La gélose DCA est un milieu sélectif servant à isoler des pathogènes intestinaux notamment Shigella et Salmonella. Les souches fermentant le lactose produisent des colonies roses entourées d’une zone de précipitation de bile. Les organismes des souches ne le fermentant pas sont incolores.

 

   
Une anse sert à dispenser de petites quantités d'antisérum pour des tests d'agglutination sur lame.
Figure 4-12. Une anse sert à dispenser de petites quantités d’antisérum pour des tests d’agglutination sur lame.

 

Les sérums anti- Shigella vont agglutiner les souches du même sérogroupe/sérotype (droite). La solution salée n'agglutine pas les Shigella (gauche).
Figure 4-13. Les sérums anti-Shigella vont agglutiner les souches du même sérogroupe/sérotype (droite). La solution salée n’agglutine pas les Shigella (gauche).

 

   

Plusieurs formulations de gélose DCA, éventuellement variables concernant leur sélectivité, sont disponibles auprès de divers fabricants.

Préparation et contrôle de qualité

Préparer selon les instructions du fabricant. (Note: On peut également les préparer à partir d’ingrédients individuels mais cela donnera une différence plus importante entre les lots par rapport aux préparations commerciales déshydratées.) Le milieu DCA est très sensible à la chaleur et il faut éviter de le porter à ébullition.
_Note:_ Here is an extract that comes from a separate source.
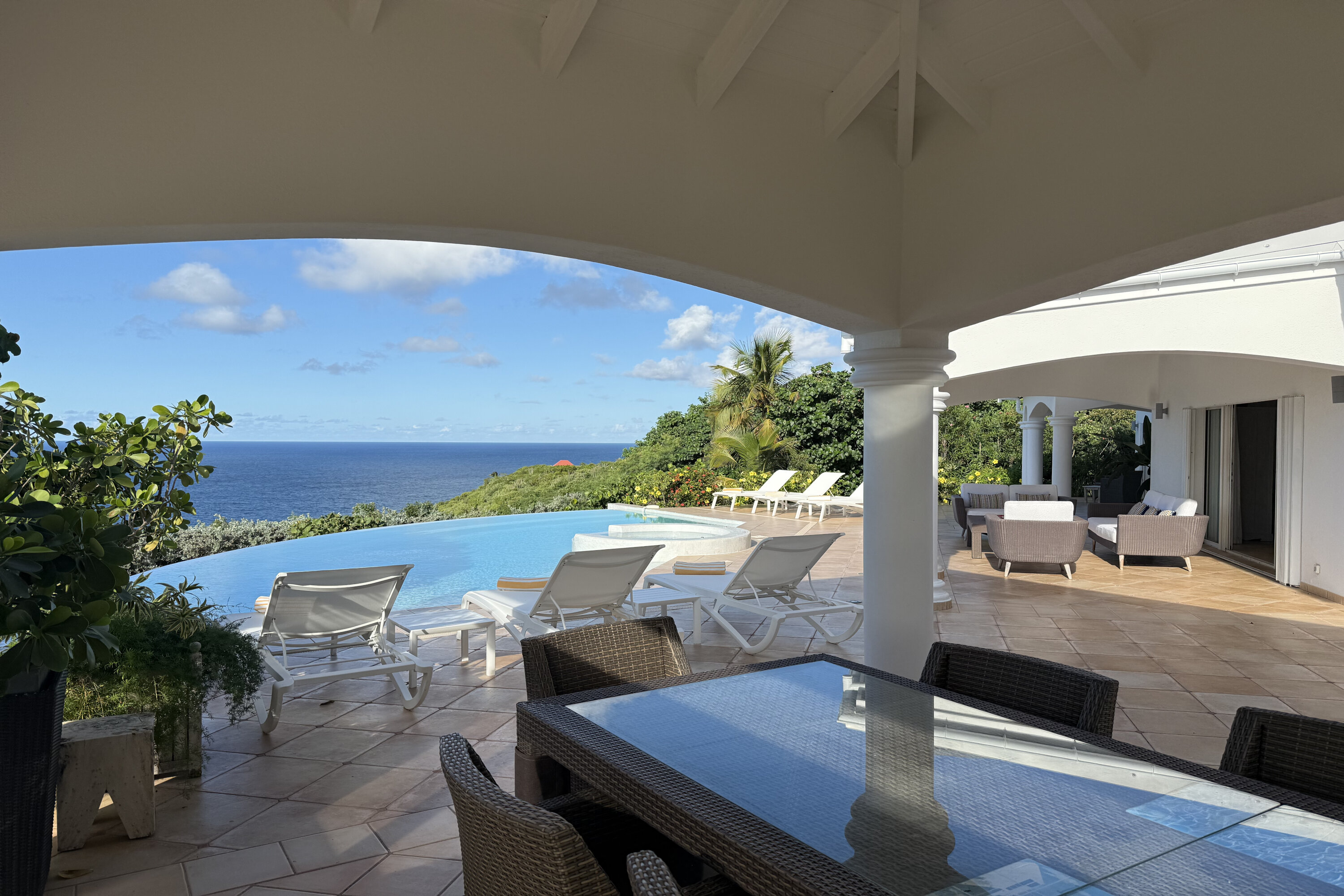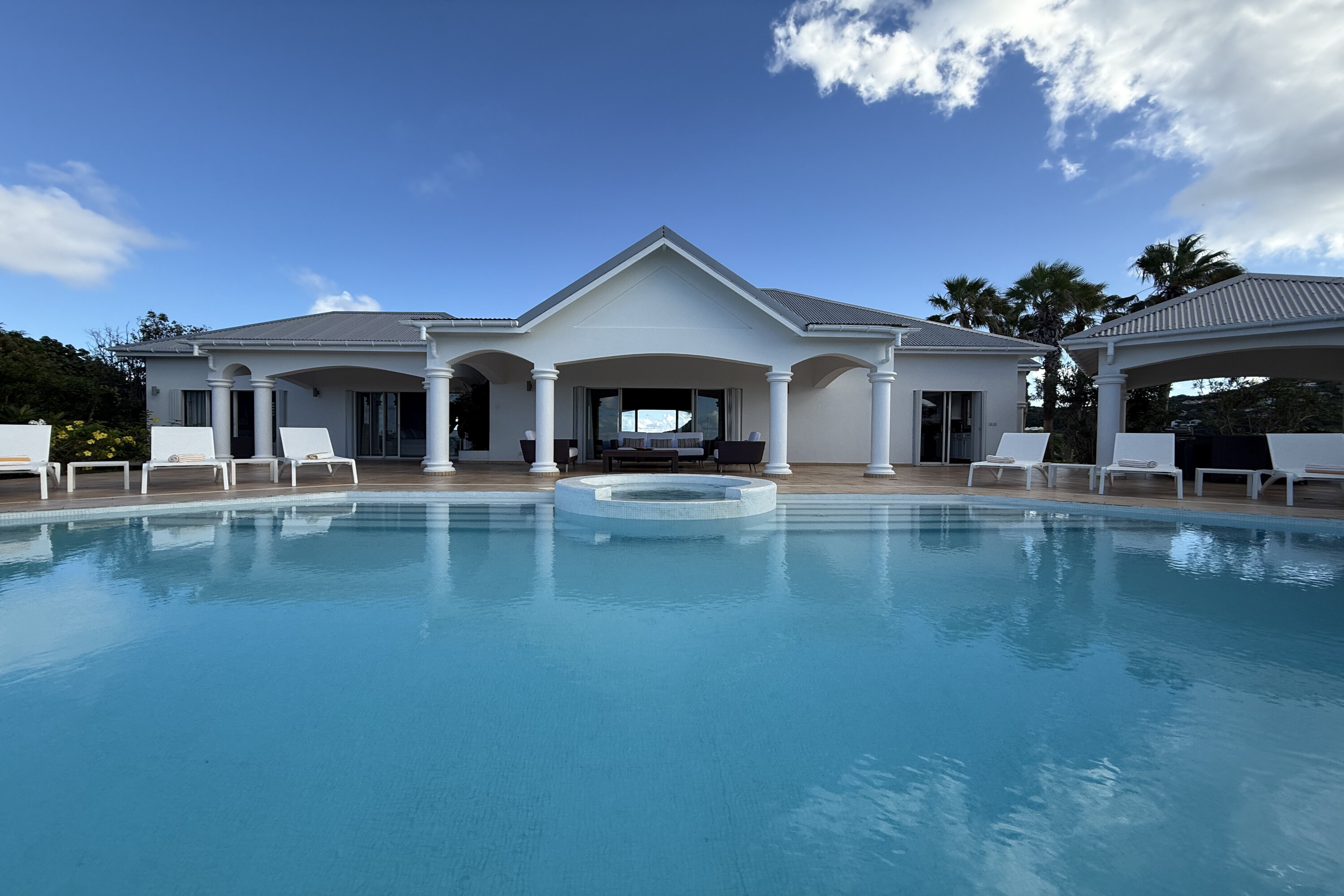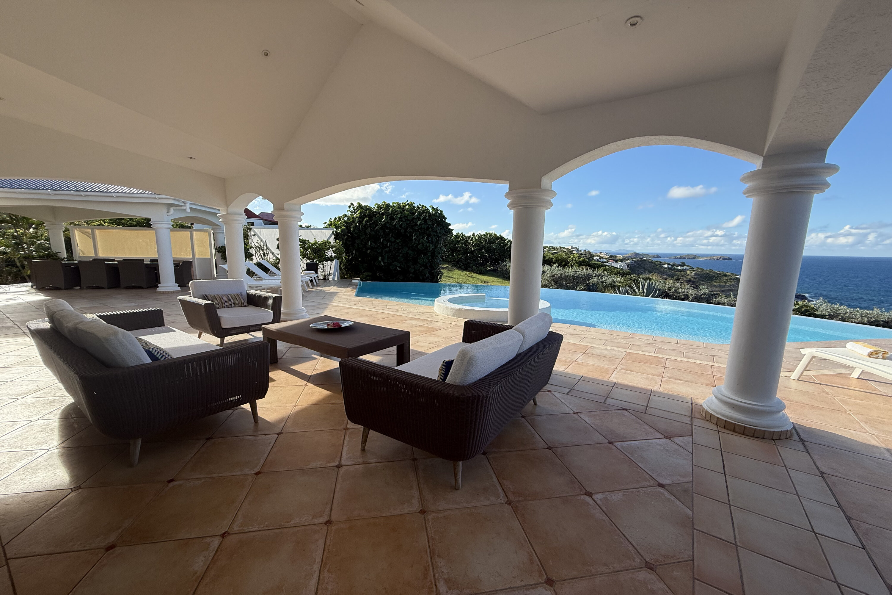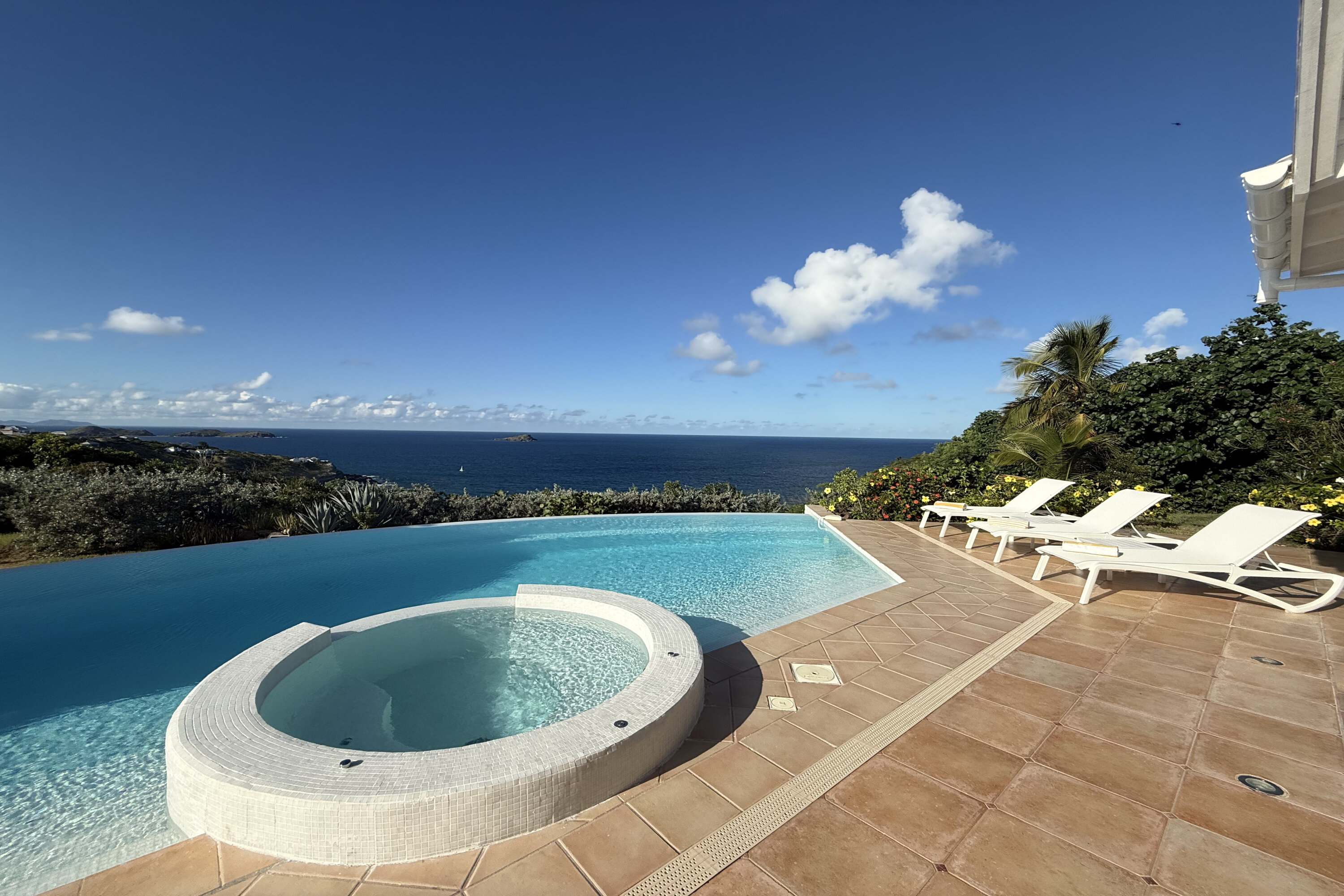 Welcome to Villa Sea Bird 19 (villa code: WV AHA), a stylish 3-bedroom villa located in the exclusive gated community of Mont Jean, St. Barts. This villa offers dramatic eastern and western views and is within minutes of several beaches and restaurants. Inside, open and airy interiors are awash with island charms. Natural light illuminates the stylish open-plan design and Indonesian-inspired décor. Cool terracotta tiles and artwork adorning the walls add pops of color and contrast with the earthy tones. Located on the Mont Jean peninsula, Villa Sea Bird 19 offers peerless privacy. The beaches at Marigot and Grand Cul-de-Sac are just a short drive away. Elegant shopping and dining await in St. Jean, 10 minutes away by car. The spacious main great room combines the living room, dining area, kitchen, and office. Vaulted ceilings give the entire room a breezy, open feel, while modern furniture adds a touch of luxurious beach chic. The living room has two plush sofas facing a large entertainment center with a TV. This is an ideal space to relax, whether it’s with a morning coffee or a movie night with family and friends. If you need to get some work done, the office has a desk and chair. The well-equipped kitchen at Villa Sea Bird 19 has everything you’ll need to create gourmet meals during your stay. Our concierge can even organize grocery pre-stocking or delivery, catered meals, or arrange private chef service for a special occasion. The indoor dining table is an excellent setting for elegant dinner parties, overlooking the ocean outside. The kitchen also opens out to a covered dining area, allowing you to pair your meal with the warm island air and stunning sunset. The 3 airy bedrooms at Villa Sea Bird 19 are private and peaceful, offering a relaxing area to relax and recharge each evening. The large master bedroom is connected to the living room, featuring a plush king-sized bed, TV, and ensuite bathroom. It also has stunning views out over both sides of the house, letting you wake up with views of the shimmering Caribbean. The guest bedrooms are in a separate cottage on the lower level. Each with a king-sized bed, TV, ensuite bathroom, and a private terrace overlooking Marigot Bay. Furnished terraces on both sides of Sea Bird 19 Villa offer exquisite views of the ocean, coastline, and undulating tropical hills of St. Barts. Comfortable lounges offer plenty of room to unwind, enjoy a good book, or kick back with a tropical cocktail and enjoy the island breeze. The swimming pool overlooks the ocean, a fabulous spot for a refreshing dip. Loungers lining the water let you sunbathe in the island rays, or even work poolside. There are two hot tubs, one located in the back of the villa facing Marigot, and one in the pool. A gas grill also encourages you to host cookouts, frying up some fresh fish or a succulent steak with a golden island sunset. There’s nothing like the sizzle of the grill combined with colorful hues of pink and purple shooting across the sky. Nearby, the beaches at Marigot Bay and Grand Cul-de-Sac are both around a 5-minute drive. World-class dining and shopping are available at St. Jean, 10 minutes away by car. During the Thanksgiving and December holidays, the villa rents at the full occupancy rate regardless of how many bedrooms are used.Please fill out the form to begin your inquiry and we will connect you with a seasoned villa rental specialist.

Ne pas autoclaver. Les boîtes de Pétri peuvent être conservées à 4°C pendant une semaine au maximum. Pour le contrôle de qualité de la DCA, les organismes suivants devront être adaptés à la confirmation des caractéristiques de croissance sélective et inhibitrice. E. coli peut être plus ou moins inhibé mais produira des colonies roses entourées d’une zone de bile précipitée. S. flexneri et S. dysenteriae 1 produiront un assez bon développement de colonies incolores.

 

  2. Gélose Hektoen entérique (HE)
   

La gélose HE est un milieu sélectif différentiel utile pour l’isolement de Salmonella et Shigella. C’est un système d’indicateur H2S pour repérer les Salmonella productrices d’H2S et se présentant sous la forme de colonies bleues et vertes avec un centre noir. Les colonies Shigella sont vertes alors que celles qui fermentent le lactose comme E. coli sont de couleur rose ou orange avec une zone de précipitation de la bile.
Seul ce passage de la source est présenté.